Stored records
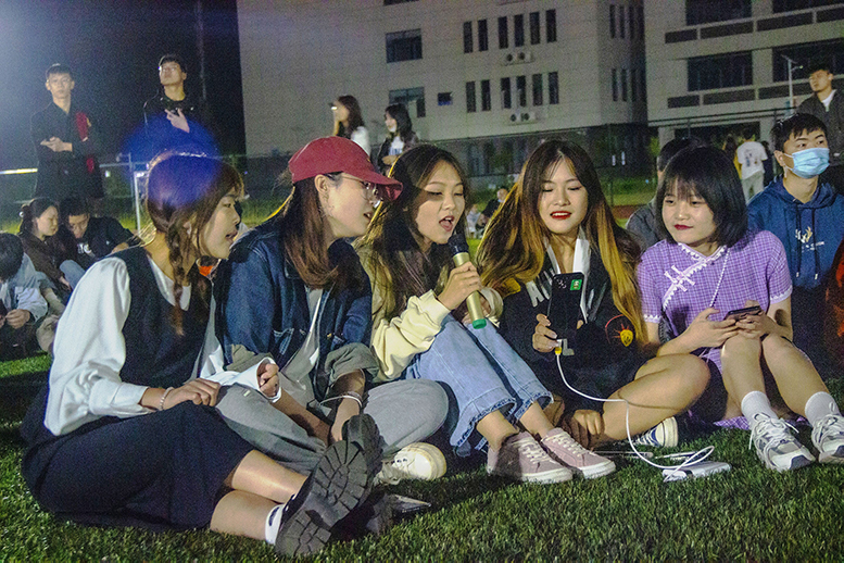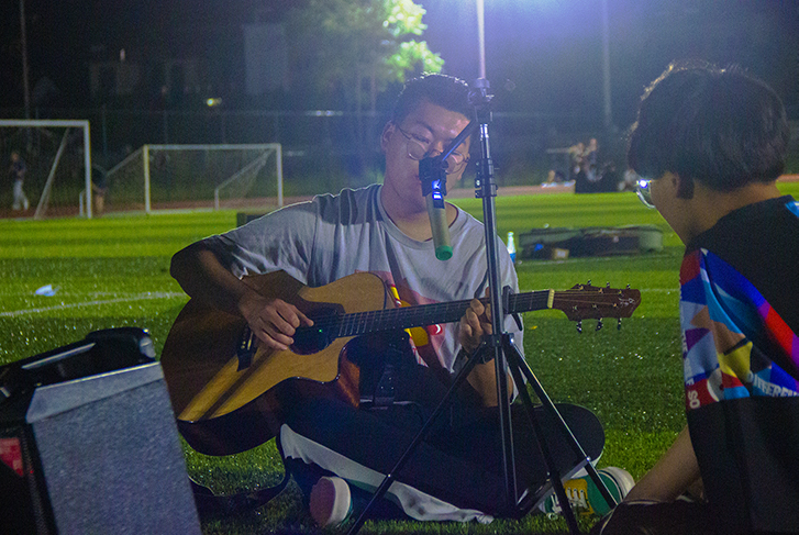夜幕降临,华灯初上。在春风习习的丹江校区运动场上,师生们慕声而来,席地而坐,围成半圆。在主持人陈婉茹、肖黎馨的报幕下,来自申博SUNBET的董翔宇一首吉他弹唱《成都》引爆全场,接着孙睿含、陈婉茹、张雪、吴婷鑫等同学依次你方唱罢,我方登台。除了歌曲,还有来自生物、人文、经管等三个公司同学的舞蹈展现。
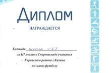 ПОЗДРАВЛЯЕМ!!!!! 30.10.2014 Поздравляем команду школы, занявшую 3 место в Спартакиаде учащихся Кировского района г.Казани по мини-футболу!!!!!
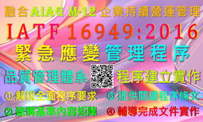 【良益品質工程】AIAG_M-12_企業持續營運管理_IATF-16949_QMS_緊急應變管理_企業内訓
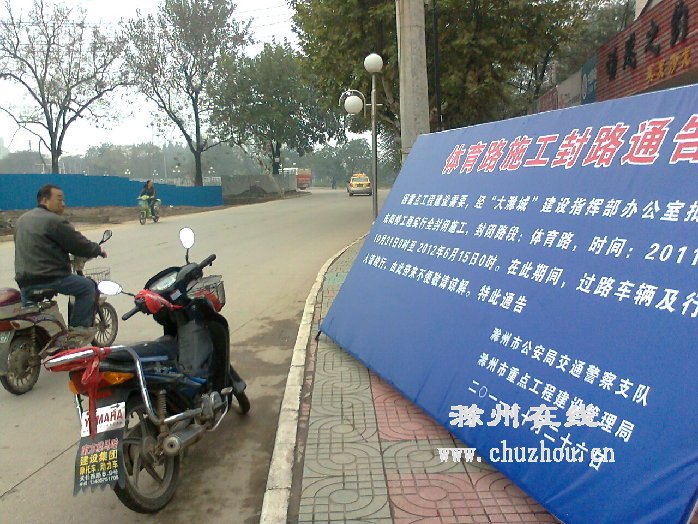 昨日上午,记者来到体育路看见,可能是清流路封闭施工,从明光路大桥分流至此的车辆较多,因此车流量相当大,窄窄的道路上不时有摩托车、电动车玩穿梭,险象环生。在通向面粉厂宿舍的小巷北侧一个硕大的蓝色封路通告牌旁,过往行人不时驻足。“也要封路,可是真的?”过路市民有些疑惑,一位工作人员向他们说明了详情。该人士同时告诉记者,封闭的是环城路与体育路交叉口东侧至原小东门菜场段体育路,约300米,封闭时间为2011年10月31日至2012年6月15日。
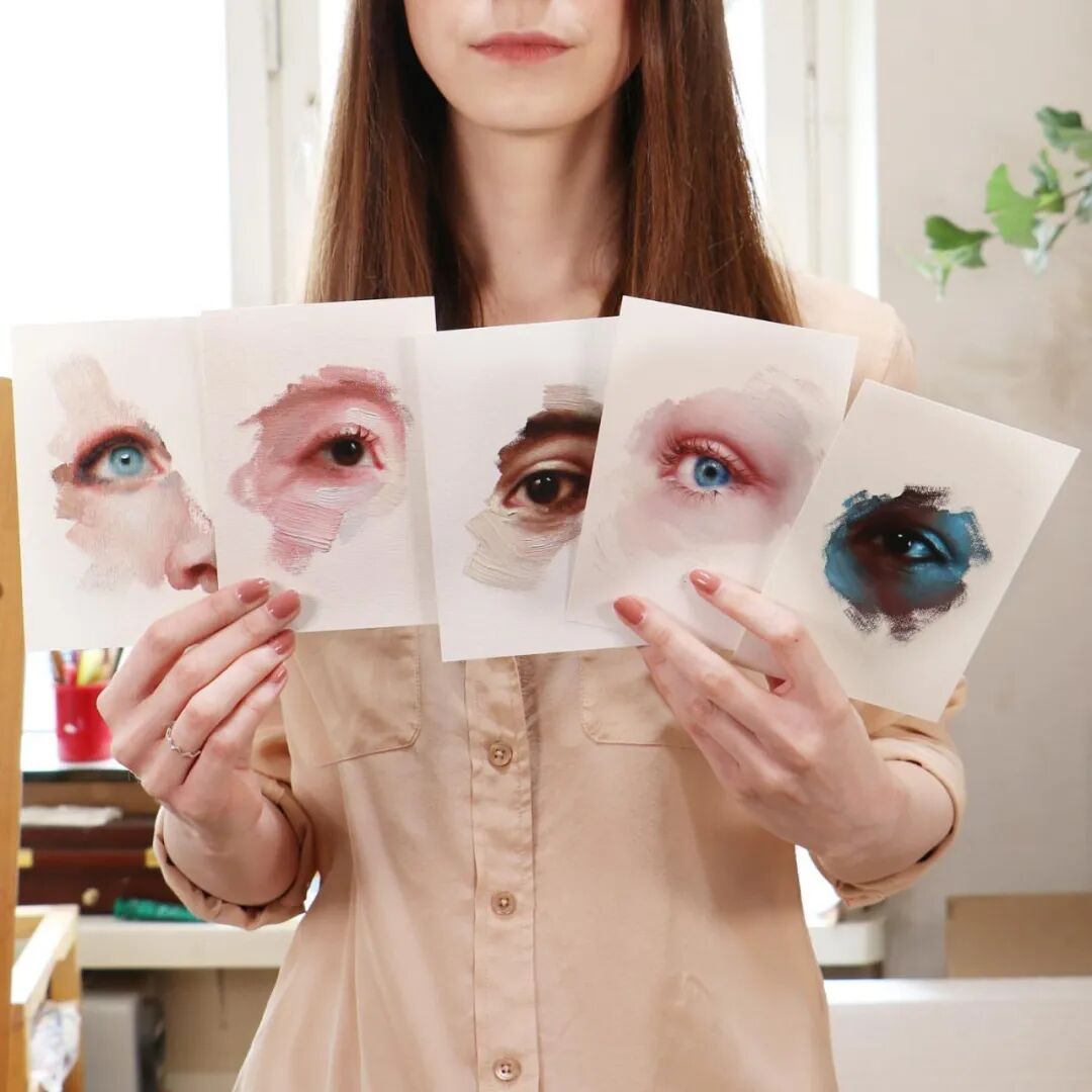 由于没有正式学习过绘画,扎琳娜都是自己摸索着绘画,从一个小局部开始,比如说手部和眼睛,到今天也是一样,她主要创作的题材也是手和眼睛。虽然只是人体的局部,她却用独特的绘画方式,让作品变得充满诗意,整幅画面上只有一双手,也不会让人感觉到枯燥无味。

→ **EXERCISE GOAL**:
Return the records exactly. Don't carry the pictures over.

→ **RESULT**:
夜幕降临,华灯初上。在春风习习的丹江校区运动场上,师生们慕声而来,席地而坐,围成半圆。在主持人陈婉茹、肖黎馨的报幕下,来自申博SUNBET的董翔宇一首吉他弹唱《成都》引爆全场,接着孙睿含、陈婉茹、张雪、吴婷鑫等同学依次你方唱罢,我方登台。除了歌曲,还有来自生物、人文、经管等三个公司同学的舞蹈展现。
 ПОЗДРАВЛЯЕМ!!!!! 30.10.2014 Поздравляем команду школы, занявшую 3 место в Спартакиаде учащихся Кировского района г.Казани по мини-футболу!!!!!
 【良益品質工程】AIAG_M-12_企業持續營運管理_IATF-16949_QMS_緊急應變管理_企業内訓
 昨日上午,记者来到体育路看见,可能是清流路封闭施工,从明光路大桥分流至此的车辆较多,因此车流量相当大,窄窄的道路上不时有摩托车、电动车玩穿梭,险象环生。在通向面粉厂宿舍的小巷北侧一个硕大的蓝色封路通告牌旁,过往行人不时驻足。“也要封路,可是真的?”过路市民有些疑惑,一位工作人员向他们说明了详情。该人士同时告诉记者,封闭的是环城路与体育路交叉口东侧至原小东门菜场段体育路,约300米,封闭时间为2011年10月31日至2012年6月15日。
 由于没有正式学习过绘画,扎琳娜都是自己摸索着绘画,从一个小局部开始,比如说手部和眼睛,到今天也是一样,她主要创作的题材也是手和眼睛。虽然只是人体的局部,她却用独特的绘画方式,让作品变得充满诗意,整幅画面上只有一双手,也不会让人感觉到枯燥无味。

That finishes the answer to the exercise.